Standing in a desert in the middle east with that thought was rather profound.

Posted by: Fred | Nov 25, 2010 8:13:14 PM

...so you're saying that every moment that each of us conceives a world, a personal reality, the act of conceiving it creates that world. Is it only my world, or a collective world that I conceive? Maybe there is only one thought, "enormously" fragmented. OK, so then, if a tree falls in the forest and no one is there to hear it, does that mean that it never actually happened. (unless, of course,the tree has consciousness) and then what happens to the poor bonobos?
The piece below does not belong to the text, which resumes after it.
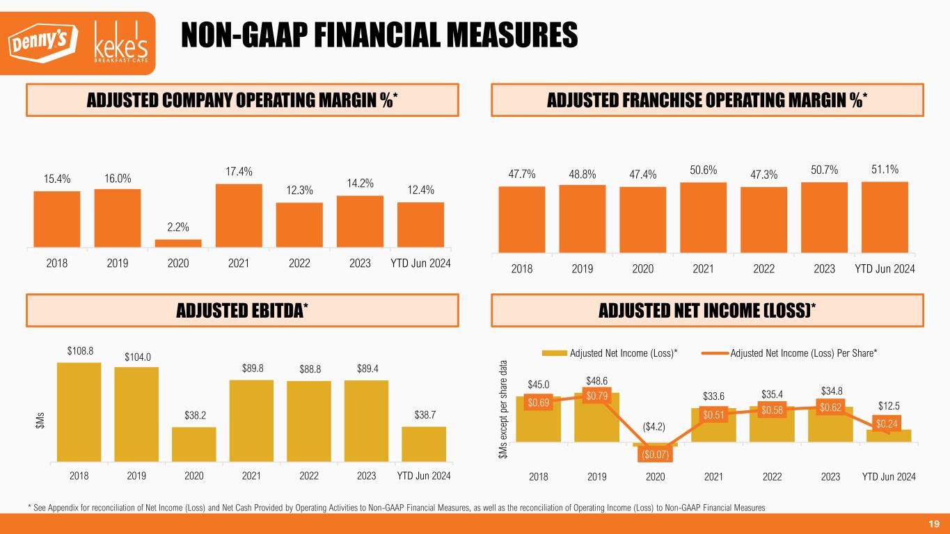 18 History of Steady Growth in Franchised and Company Average Unit Volumes1. Refranchising Strategy Benefited AUVs at Both Franchised and Company Restaurants in 2019. DENNY’S FRANCHISED AND COMPANY RESTAURANT SALES 1 Excluding pandemic-impacted years. 2 Same-restaurant sales include sales at company restaurants and non-consolidated franchised and licensed restaurants that were open during the comparable periods noted. Total operating revenue is limited to company restaurant sales and royalties, advertising revenue, initial and other fees and occupancy revenue from non-consolidated franchised and licensed restaurants. Accordingly, domestic franchise same-restaurant sales and domestic system-wide same-restaurant sales should be considered as a supplement to, not a substitute for, the Company’s results as reported under GAAP. 3 2021 and 2022 Denny’s domestic system-wide same-restaurant sales2 are versus 2019. 2% 2% -23% -1% 7% 3% 2018 2019 2020 2021 2022 2023 (37%) (4 ) 1% 2% -18% -1% 1% 4% 2018 2019 2020 2021 2022 2023 (31%) (5%)$1.6 $1.7 $1.2 $1.6 $1.7 $1.8 2018 2019 2020 2021 2022 2023 $M s $2.3 $2.5 $1.8 $2.7 $3.0 $3.1 2018 2019 2020 2021 2022 2023 $M s DENNY’S FRANCHISE RESTAURANTS AUVs DENNY’S DOMESTIC FRANCHISED SAME-RESTAURANT SALES 2,3 DENNY’S COMPANY RESTAURANT AUVs DENNY’S COMPANY SAME-RESTAURANT SALES 2,3

OK, I'm obviously tired....

Posted by: tamra | Nov 24, 2010 1:53:35 AM

I think the bonobos have got it right. They certainly get more action than most people (and waaaay more than me).

Posted by: Graeme | Nov 24, 2010 1:30:20 AM

We love self delusions of grandeur otherwise we'd still be up in the trees with the Bonobos. Thank goodness for religion and philosophy of navel gazing chimps called humanity.

Posted by: megan | Nov 24, 2010 12:03:56 AM


Posted by: Mrs Brown | Nov 23, 2010 8:42:46 PM

Dude! That was deep.

Posted by: Milena | Nov 23, 2010 7:21:03 PM

Not true! Every single human is awesome!